» **What you are asked to do**: Reproduce only what runs from the line containing "이날 '미스트롯2' 선(善)" to the line containing "Kroppsdusch för väggmontage" in the records below, inclusive. Keep it exact, and keep the pictures out.

» **Entries supplied**:
* * * * * * *

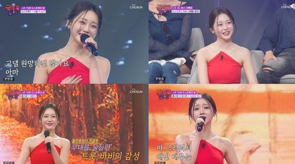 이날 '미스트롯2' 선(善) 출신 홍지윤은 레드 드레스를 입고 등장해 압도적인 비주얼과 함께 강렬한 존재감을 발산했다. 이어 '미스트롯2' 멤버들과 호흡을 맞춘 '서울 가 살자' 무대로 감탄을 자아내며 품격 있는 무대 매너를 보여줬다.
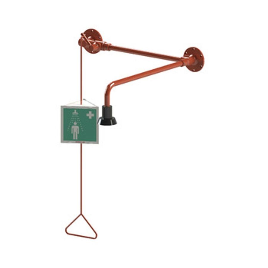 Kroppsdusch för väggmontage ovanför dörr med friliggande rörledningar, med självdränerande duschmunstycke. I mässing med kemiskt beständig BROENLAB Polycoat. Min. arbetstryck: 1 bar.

* * * * * * *

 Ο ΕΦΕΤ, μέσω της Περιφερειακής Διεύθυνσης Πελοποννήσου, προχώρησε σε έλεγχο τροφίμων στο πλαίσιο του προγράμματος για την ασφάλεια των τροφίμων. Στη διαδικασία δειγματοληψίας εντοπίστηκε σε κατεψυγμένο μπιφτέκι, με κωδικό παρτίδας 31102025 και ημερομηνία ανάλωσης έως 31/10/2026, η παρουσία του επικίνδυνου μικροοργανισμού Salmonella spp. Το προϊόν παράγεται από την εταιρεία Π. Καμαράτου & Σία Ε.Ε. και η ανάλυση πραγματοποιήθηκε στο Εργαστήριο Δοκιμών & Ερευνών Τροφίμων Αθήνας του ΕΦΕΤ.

* * * * * * *

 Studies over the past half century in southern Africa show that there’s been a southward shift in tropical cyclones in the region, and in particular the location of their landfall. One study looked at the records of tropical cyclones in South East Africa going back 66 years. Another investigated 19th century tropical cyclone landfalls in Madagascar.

* * * * * * *

» **The answer**:
 이날 '미스트롯2' 선(善) 출신 홍지윤은 레드 드레스를 입고 등장해 압도적인 비주얼과 함께 강렬한 존재감을 발산했다. 이어 '미스트롯2' 멤버들과 호흡을 맞춘 '서울 가 살자' 무대로 감탄을 자아내며 품격 있는 무대 매너를 보여줬다.
 Kroppsdusch för väggmontage ovanför dörr med friliggande rörledningar, med självdränerande duschmunstycke. I mässing med kemiskt beständig BROENLAB Polycoat. Min. arbetstryck: 1 bar.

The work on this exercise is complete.